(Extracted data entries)
▬▬▬▬▬▬

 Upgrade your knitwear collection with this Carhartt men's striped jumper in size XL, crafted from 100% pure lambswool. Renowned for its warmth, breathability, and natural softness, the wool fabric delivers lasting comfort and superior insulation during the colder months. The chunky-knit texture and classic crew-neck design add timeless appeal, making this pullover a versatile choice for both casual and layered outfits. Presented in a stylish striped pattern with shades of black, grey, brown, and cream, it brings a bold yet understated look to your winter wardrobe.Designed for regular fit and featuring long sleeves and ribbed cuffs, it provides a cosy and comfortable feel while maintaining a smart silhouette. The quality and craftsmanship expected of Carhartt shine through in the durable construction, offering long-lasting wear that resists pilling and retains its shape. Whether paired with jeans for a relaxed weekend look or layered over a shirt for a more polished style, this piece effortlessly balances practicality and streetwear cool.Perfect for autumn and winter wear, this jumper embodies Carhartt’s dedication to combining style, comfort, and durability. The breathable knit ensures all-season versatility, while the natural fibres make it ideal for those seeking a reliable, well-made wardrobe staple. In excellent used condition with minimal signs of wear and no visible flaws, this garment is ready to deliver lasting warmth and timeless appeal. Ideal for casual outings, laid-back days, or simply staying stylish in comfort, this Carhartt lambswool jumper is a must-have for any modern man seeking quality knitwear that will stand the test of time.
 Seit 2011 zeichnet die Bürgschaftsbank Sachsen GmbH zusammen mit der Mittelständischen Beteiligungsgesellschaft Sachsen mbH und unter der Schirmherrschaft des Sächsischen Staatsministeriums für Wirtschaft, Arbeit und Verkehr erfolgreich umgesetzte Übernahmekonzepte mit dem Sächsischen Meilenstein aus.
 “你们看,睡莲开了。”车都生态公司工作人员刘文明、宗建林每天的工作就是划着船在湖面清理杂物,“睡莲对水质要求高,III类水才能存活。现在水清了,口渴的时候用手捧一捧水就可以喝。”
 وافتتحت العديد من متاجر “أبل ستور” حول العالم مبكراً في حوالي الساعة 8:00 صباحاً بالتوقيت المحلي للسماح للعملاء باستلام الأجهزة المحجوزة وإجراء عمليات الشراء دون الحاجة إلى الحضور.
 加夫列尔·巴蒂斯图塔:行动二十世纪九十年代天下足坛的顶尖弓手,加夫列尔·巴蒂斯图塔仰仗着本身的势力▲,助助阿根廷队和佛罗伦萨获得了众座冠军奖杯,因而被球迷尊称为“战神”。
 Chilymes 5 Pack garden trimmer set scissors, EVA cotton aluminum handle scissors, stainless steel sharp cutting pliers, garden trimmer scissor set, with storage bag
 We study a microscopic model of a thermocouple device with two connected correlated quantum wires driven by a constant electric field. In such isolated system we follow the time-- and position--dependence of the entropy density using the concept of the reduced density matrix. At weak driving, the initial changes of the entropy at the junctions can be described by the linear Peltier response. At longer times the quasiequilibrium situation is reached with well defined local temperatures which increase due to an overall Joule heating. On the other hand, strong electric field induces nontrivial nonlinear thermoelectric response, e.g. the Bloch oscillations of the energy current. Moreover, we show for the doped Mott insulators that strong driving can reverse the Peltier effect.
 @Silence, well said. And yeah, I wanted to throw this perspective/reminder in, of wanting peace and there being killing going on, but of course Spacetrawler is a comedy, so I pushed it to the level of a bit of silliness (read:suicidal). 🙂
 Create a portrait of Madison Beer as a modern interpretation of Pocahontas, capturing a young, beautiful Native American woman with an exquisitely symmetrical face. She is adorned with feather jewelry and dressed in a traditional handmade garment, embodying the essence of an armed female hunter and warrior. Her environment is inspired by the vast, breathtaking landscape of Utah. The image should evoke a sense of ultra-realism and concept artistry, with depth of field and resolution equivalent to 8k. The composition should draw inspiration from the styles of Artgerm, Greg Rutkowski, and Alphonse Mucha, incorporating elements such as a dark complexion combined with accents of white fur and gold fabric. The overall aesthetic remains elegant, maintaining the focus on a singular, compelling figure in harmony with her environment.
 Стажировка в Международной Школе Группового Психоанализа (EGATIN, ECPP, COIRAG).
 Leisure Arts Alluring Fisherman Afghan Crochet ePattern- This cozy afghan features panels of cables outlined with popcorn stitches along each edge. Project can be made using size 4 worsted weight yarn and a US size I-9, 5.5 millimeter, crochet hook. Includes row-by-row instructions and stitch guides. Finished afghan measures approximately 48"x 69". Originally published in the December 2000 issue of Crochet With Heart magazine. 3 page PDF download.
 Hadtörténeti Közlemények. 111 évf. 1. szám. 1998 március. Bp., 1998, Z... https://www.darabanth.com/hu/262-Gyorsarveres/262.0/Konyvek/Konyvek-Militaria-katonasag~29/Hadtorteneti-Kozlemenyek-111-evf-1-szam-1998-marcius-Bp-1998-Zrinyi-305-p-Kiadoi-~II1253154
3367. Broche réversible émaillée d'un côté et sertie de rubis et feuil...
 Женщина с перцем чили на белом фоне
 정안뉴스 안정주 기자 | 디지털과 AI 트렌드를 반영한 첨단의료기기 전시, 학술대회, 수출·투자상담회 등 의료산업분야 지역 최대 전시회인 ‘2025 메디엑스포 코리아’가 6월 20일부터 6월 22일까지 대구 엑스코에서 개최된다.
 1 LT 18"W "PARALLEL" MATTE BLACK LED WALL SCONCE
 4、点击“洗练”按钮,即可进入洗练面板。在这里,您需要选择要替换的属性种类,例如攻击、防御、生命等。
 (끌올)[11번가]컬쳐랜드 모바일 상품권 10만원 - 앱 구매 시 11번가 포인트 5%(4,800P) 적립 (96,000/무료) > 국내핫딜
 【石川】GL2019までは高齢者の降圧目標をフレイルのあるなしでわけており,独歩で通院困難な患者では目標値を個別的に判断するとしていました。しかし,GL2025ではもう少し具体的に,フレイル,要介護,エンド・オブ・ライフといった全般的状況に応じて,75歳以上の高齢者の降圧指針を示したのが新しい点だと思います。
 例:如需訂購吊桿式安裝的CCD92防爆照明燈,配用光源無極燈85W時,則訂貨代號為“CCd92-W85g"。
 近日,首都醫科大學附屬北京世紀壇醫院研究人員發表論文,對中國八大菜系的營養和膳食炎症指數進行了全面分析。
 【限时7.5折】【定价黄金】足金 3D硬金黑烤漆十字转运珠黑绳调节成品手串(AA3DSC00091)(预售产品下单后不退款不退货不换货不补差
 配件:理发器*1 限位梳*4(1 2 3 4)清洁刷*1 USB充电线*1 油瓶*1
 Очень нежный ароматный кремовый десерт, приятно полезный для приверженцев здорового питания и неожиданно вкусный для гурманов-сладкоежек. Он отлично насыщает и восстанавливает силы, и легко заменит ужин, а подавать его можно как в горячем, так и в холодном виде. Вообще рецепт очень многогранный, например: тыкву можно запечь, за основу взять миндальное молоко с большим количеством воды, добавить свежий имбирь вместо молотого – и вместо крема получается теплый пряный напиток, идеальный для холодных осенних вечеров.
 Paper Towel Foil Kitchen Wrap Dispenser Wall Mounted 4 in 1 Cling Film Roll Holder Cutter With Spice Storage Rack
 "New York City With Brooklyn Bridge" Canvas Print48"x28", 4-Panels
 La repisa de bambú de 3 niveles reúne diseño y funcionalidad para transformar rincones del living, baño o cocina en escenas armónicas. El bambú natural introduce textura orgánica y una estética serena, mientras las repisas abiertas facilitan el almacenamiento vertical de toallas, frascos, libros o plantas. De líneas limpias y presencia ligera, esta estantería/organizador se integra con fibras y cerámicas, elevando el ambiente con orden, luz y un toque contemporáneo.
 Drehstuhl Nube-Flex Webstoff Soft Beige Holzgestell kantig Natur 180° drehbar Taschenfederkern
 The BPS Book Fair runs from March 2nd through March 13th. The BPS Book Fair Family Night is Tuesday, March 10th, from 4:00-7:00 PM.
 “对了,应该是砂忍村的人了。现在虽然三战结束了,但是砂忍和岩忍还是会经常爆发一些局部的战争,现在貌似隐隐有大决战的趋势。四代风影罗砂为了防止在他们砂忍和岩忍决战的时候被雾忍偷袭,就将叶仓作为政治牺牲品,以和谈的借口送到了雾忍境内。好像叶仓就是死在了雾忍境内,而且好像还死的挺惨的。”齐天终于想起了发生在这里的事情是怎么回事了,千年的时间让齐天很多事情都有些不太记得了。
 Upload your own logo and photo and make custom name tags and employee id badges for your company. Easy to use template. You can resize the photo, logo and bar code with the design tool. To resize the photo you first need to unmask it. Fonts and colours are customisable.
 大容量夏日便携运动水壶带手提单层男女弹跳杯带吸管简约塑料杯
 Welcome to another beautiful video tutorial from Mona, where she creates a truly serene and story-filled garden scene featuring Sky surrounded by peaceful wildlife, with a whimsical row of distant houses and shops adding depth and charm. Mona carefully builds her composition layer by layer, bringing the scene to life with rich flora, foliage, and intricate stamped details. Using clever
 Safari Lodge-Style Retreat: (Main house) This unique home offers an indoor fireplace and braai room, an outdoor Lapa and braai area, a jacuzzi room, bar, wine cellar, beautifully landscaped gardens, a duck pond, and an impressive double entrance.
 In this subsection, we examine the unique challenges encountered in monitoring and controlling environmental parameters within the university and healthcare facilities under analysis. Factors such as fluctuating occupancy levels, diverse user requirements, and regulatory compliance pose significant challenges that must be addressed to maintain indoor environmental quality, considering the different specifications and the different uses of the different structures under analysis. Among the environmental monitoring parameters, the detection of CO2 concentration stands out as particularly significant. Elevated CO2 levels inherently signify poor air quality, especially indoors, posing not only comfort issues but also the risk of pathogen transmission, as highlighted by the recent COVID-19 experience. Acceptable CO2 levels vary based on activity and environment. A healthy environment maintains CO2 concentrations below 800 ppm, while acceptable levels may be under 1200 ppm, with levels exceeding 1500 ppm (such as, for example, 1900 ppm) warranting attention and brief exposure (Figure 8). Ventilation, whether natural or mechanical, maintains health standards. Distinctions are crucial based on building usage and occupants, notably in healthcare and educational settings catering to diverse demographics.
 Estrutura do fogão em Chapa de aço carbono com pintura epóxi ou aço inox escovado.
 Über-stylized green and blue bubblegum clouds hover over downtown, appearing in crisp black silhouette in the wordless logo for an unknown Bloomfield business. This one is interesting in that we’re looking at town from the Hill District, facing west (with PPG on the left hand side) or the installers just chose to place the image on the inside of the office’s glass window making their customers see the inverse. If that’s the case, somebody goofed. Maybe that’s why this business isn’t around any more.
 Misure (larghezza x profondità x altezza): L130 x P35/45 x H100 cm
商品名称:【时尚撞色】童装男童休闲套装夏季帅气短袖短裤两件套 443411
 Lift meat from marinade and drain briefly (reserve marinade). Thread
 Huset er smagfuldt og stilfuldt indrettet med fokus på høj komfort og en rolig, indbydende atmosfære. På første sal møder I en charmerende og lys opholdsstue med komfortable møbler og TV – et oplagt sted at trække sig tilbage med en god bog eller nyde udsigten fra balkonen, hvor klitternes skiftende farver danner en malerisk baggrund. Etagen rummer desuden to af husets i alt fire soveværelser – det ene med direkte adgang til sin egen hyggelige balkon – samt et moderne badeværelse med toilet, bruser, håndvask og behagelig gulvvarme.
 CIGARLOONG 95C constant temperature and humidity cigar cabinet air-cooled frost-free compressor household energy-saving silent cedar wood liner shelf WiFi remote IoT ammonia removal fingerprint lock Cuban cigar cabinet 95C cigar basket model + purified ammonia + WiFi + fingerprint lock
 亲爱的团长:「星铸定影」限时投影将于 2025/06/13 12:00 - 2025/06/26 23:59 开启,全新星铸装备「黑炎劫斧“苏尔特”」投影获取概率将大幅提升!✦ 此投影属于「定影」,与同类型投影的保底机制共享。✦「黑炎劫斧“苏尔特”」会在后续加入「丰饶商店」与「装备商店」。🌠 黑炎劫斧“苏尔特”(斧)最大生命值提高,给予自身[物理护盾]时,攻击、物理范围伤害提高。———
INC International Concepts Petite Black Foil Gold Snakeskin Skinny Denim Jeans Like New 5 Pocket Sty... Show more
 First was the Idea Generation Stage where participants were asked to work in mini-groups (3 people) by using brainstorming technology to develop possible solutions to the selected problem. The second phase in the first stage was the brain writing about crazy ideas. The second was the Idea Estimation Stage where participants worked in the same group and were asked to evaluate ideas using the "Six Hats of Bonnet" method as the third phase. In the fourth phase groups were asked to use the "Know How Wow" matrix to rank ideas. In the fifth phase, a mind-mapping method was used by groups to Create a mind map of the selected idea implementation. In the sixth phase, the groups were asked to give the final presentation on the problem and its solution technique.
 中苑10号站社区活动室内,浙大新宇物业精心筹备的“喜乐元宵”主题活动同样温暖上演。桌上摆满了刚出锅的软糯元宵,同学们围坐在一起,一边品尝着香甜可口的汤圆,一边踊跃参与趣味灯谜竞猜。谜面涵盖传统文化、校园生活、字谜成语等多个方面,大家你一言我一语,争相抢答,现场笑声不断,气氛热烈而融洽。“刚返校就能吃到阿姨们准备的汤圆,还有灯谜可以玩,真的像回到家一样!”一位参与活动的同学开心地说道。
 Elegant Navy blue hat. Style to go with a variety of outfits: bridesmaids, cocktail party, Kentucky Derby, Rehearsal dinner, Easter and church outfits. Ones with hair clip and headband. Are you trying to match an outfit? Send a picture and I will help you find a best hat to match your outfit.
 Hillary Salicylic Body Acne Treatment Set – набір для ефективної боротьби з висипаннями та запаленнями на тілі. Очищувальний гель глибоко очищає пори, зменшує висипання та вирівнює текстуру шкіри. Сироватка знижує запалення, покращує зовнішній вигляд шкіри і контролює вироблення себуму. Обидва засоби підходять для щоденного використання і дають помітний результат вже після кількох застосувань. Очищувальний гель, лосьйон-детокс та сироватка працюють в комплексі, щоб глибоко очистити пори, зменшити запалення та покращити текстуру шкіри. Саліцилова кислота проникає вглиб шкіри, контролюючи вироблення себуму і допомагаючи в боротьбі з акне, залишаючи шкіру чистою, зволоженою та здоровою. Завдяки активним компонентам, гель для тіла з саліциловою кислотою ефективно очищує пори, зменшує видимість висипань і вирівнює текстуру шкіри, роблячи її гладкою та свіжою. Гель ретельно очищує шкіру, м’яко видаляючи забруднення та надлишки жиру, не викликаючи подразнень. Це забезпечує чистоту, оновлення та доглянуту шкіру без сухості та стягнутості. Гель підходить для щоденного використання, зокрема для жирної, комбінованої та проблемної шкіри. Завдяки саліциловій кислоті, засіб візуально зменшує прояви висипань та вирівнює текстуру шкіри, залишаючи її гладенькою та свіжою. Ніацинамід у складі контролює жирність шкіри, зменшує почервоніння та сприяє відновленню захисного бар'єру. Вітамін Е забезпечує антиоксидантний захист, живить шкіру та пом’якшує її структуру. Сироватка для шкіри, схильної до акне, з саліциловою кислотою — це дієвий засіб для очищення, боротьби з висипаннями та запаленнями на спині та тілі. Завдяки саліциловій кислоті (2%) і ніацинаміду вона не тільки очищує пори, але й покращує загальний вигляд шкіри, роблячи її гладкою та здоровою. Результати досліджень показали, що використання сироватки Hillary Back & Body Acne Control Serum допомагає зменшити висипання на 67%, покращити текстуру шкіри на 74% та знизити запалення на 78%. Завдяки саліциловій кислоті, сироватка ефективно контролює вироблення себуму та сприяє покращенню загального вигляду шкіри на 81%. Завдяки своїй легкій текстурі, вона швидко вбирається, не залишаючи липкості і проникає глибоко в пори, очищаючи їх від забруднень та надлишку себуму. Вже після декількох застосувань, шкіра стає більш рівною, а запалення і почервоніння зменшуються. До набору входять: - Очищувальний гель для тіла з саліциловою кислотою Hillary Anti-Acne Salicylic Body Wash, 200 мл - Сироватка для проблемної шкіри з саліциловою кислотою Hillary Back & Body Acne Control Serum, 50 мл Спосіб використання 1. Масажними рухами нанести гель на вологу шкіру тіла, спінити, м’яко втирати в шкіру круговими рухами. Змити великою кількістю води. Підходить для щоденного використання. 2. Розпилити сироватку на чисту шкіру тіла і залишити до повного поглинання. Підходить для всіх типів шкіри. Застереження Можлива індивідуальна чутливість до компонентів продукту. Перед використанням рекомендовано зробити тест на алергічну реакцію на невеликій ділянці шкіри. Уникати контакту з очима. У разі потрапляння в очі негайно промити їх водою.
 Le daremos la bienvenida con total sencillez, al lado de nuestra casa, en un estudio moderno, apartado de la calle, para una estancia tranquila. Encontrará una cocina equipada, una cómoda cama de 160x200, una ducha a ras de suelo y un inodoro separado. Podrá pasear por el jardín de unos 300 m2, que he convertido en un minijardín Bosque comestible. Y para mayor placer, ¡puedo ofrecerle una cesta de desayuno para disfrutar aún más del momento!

▬▬▬▬▬▬

## TASK DESCRIPTION
Report, with no additional words, how many lines in the records above contain the word "Foil".

## RESULT OF THIS TASK
2